**Required work:**
All of the data below should be printed again word for word, pictures excluded.

**Task material:**
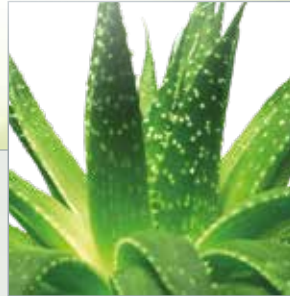
ALOE VERA (>10%)

(Heggie S, et al. Cancer Nurs. 2002; 25(6):442-51)
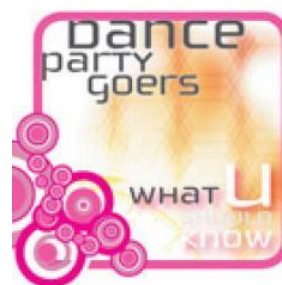
HE1304, Dance Party Goers-what you should know Hard copies currently out of stock
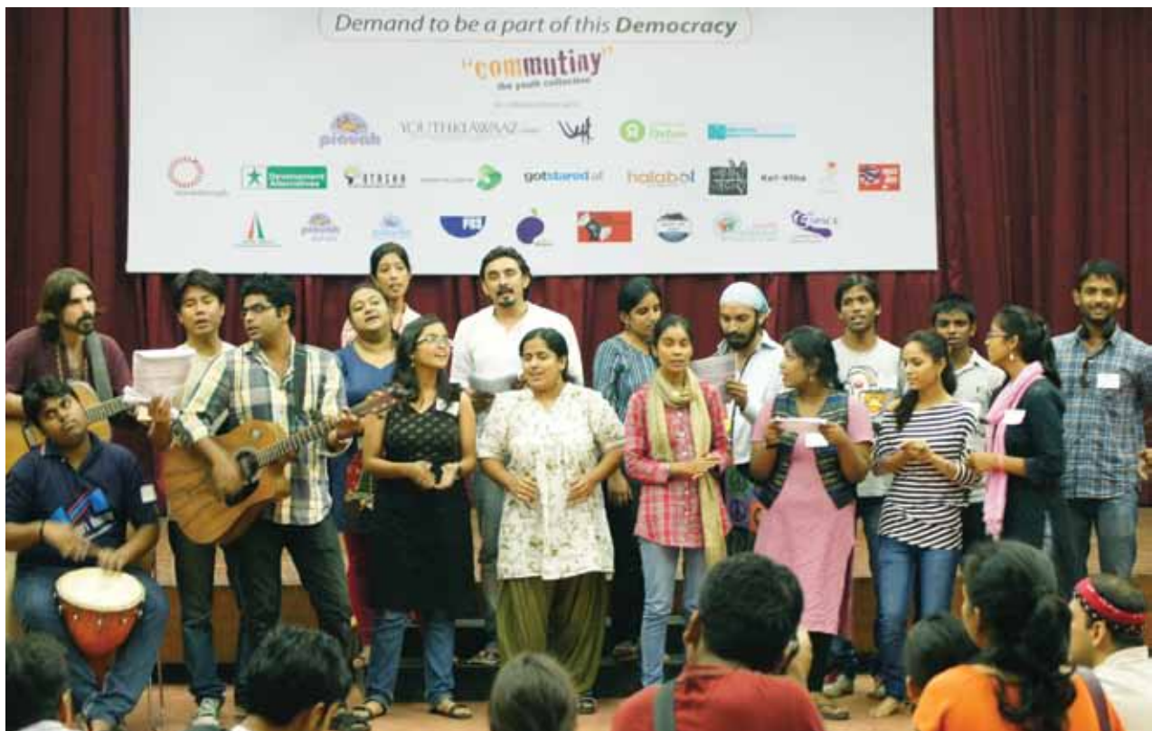
Group song on the theme of UnManifesto by Manzil Mystics - for an event My Space – My Un-Manifesto, held on 19 August 2013.

The event witnessed a participation of nearly 400 individuals, a mix of youngsters from schools & colleges, youth facilitators and people from different communities in Delhi.
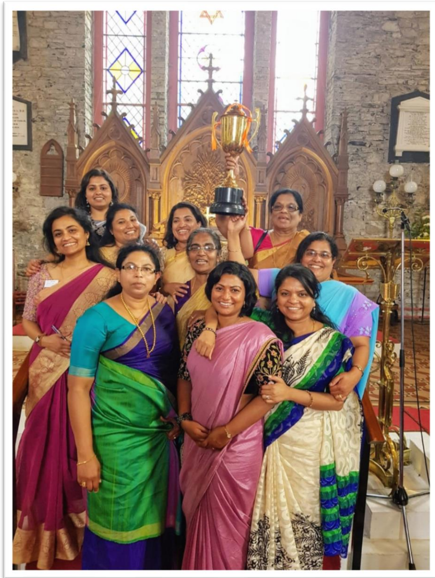
Winners of the Zonal SS Quiz Competition , Hermon MTC Sevika Sangham members with ever-rolling trophy

**Solution to the exercise:**
ALOE VERA (>10%)

(Heggie S, et al. Cancer Nurs. 2002; 25(6):442-51)
HE1304, Dance Party Goers-what you should know Hard copies currently out of stock
Group song on the theme of UnManifesto by Manzil Mystics - for an event My Space – My Un-Manifesto, held on 19 August 2013.

The event witnessed a participation of nearly 400 individuals, a mix of youngsters from schools & colleges, youth facilitators and people from different communities in Delhi.
Winners of the Zonal SS Quiz Competition , Hermon MTC Sevika Sangham members with ever-rolling trophy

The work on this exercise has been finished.